Task description: From the data below, return only the lines from the one with "Cuts multiple diamonds" through the one with "Keywords: Kassen-Einnahmen des", exact and inclusive, with pictures left out.

Task input:
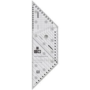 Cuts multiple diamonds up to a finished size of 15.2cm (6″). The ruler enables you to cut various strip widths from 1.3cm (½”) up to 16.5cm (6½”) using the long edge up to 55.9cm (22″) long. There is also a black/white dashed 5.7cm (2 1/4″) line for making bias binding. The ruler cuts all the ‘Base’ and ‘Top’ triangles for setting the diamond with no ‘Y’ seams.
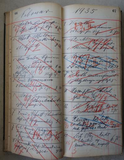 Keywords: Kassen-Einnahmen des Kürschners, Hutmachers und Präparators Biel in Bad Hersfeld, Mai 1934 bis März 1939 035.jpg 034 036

* * *

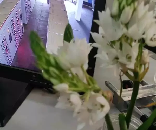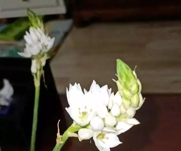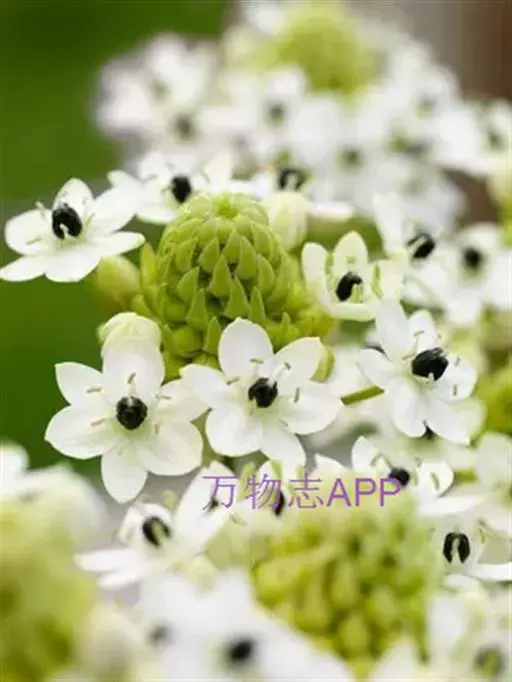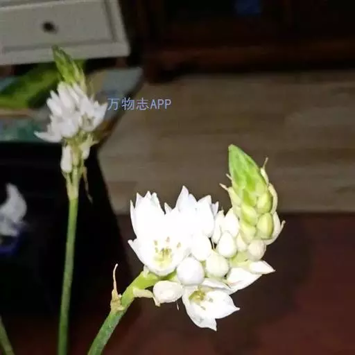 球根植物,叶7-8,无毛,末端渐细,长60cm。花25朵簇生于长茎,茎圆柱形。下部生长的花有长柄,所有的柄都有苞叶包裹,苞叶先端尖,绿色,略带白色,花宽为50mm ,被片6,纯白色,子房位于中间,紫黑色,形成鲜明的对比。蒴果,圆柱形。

Exercise answer:
 Cuts multiple diamonds up to a finished size of 15.2cm (6″). The ruler enables you to cut various strip widths from 1.3cm (½”) up to 16.5cm (6½”) using the long edge up to 55.9cm (22″) long. There is also a black/white dashed 5.7cm (2 1/4″) line for making bias binding. The ruler cuts all the ‘Base’ and ‘Top’ triangles for setting the diamond with no ‘Y’ seams.
 Keywords: Kassen-Einnahmen des Kürschners, Hutmachers und Präparators Biel in Bad Hersfeld, Mai 1934 bis März 1939 035.jpg 034 036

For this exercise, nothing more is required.